(Task inputs):
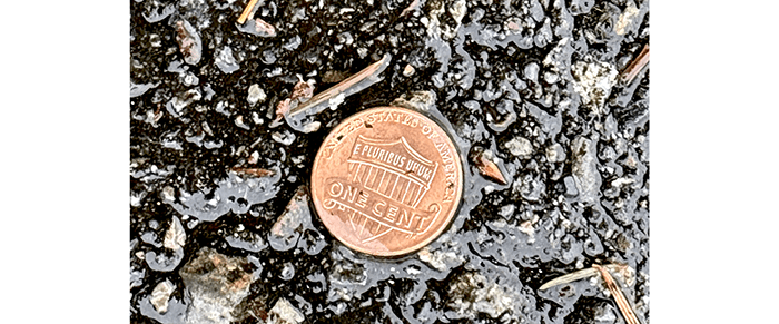 A quarter beside a Honey Bucket latrine. We’re not sure how the quarter ended up there, but it may have been a pay toilet. We should have checked.
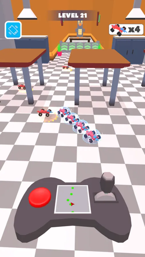We have to get our cars out of the room, find them with the help of navigation and avoid obstacles. You can accelerate and maneuver with the nitro button.
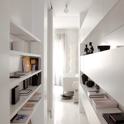 In presenza di corridoi abbastanza capienti si può sfruttare lo spazio inserendo scaffali o ripiani per contenere riviste e oggettistica, oppure anche dei moduli chiusi tra un ripiano e l’altro dove riporre cose più riservate o semplicemente quelle cose che ‘so che mi serviranno ma chissà quando mi serviranno, intanto le pongo qua’.
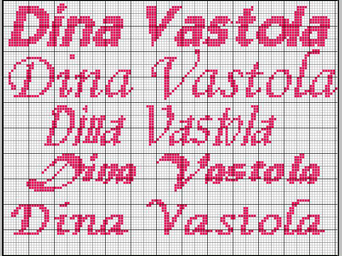 Schemi punto a croce gratuiti di nomi richiesti dai nostri utenti: Dina Vastola, Alessandra R, Mena Annarita, Tonini.
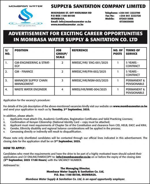 Opportunities at MOMBASA WATER #IkokaziKE #JobSearchKE #JobHuntKE #KenyaJobs #NairobiJobs #JobsKE #CareerKE #HustleKE #JobAlertsKE #JobVacancyKE
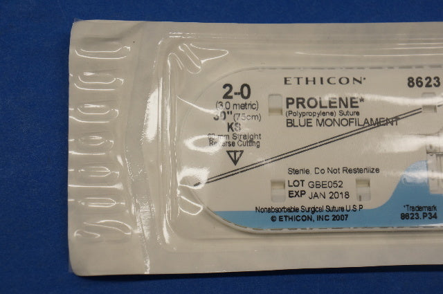 Ethicon 8623 PROLENE, KS 60mm Straight Reverse Cutting, 30", Size 2-0
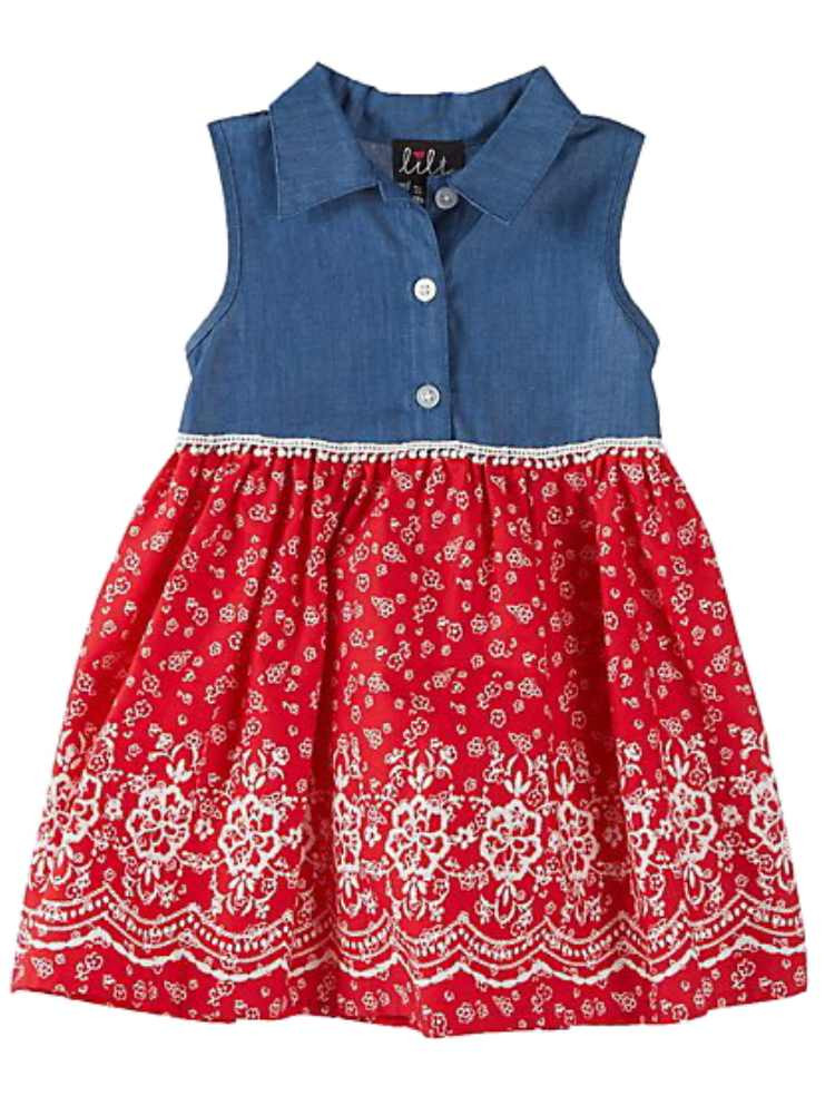 This pretty denim & red floral print baby dress is sure to be a favorite!
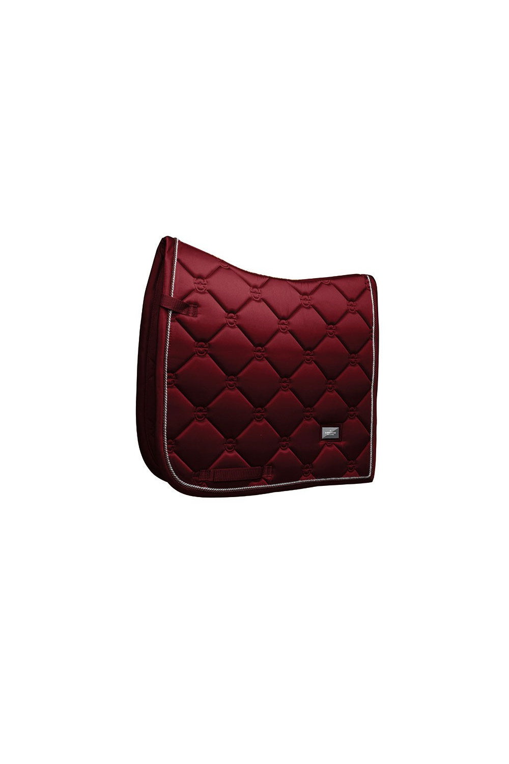 Logotipo acolchado sobre una placa metalizada en la parte inferior lateral de la mantilla. Dale clase junto a otros productos de la misma colección Bordeaux o combinarla con la colección Dark Bordeaux para un look completo tanto para el jinete como para el caballo.

(Prompt):
Instructions for the copy: start at the first entry, stop after the line containing "We have to get", keep every line exact, and drop the pictures.

(Final answer):
 A quarter beside a Honey Bucket latrine. We’re not sure how the quarter ended up there, but it may have been a pay toilet. We should have checked.
We have to get our cars out of the room, find them with the help of navigation and avoid obstacles. You can accelerate and maneuver with the nitro button.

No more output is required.